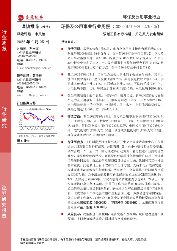 【东莞证券】【20220925】环保及公用事业行业周报:双碳工作有序推进,关注风光发电领域-12页
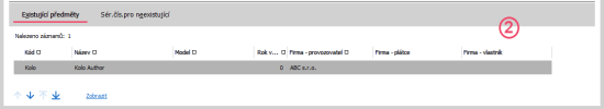 Zobrazuje vyhľadané záznamy servisovaných predmetov, ktoré vyhovujú podmienkam zadaným vyššie v Paneli vyhľadávacích údajov, kde je popísaný aj spôsob a výsledok hľadania. Význam jednotlivých tu zobrazených položiek vyplýva z ich názvu alebo z ich popisu v záložkách Zoznam resp. Detail agendy servisovaných predmetov.
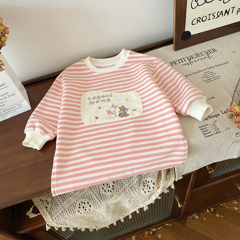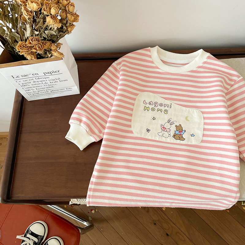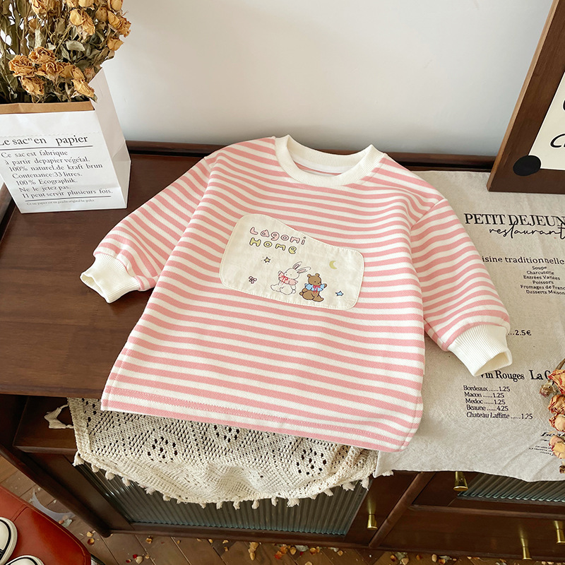[재고] QY241180 어린이 치마 2024 가을 새 한국 여성의 보물 줄무늬 원피스 귀여운 A스토어 가기
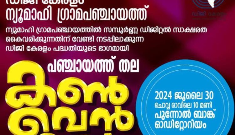 ന്യൂമാഹി ഗ്രാമ പഞ്ചായത്തിൽ സമ്പൂർണ്ണ ഡിജിറ്റൽ സാക്ഷരത കൈവരിക്കാൻ വേണ്ടി നടപ്പിലാക്കുന്ന ഡിജി കേരളം പദ്ധതിയുടെ പഞ്ചായത്തുതല കൺവെൻഷൻ ജൂലൈ 30 ന് രാവിലെ 10 മണിക്ക് പുന്നോൽ ബാങ്ക് ഓഡിറ്റോറിയത്തിൽ നടക്കും.

___

■ EXERCISE DETAILS: What is needed is every line from the one with "Zobrazuje vyhľadané záznamy" to the final line of the listing above, set down exactly and with the pictures left out.

■ ANSWER TO THIS EXERCISE:
 Zobrazuje vyhľadané záznamy servisovaných predmetov, ktoré vyhovujú podmienkam zadaným vyššie v Paneli vyhľadávacích údajov, kde je popísaný aj spôsob a výsledok hľadania. Význam jednotlivých tu zobrazených položiek vyplýva z ich názvu alebo z ich popisu v záložkách Zoznam resp. Detail agendy servisovaných predmetov.
[재고] QY241180 어린이 치마 2024 가을 새 한국 여성의 보물 줄무늬 원피스 귀여운 A스토어 가기
 ന്യൂമാഹി ഗ്രാമ പഞ്ചായത്തിൽ സമ്പൂർണ്ണ ഡിജിറ്റൽ സാക്ഷരത കൈവരിക്കാൻ വേണ്ടി നടപ്പിലാക്കുന്ന ഡിജി കേരളം പദ്ധതിയുടെ പഞ്ചായത്തുതല കൺവെൻഷൻ ജൂലൈ 30 ന് രാവിലെ 10 മണിക്ക് പുന്നോൽ ബാങ്ക് ഓഡിറ്റോറിയത്തിൽ നടക്കും.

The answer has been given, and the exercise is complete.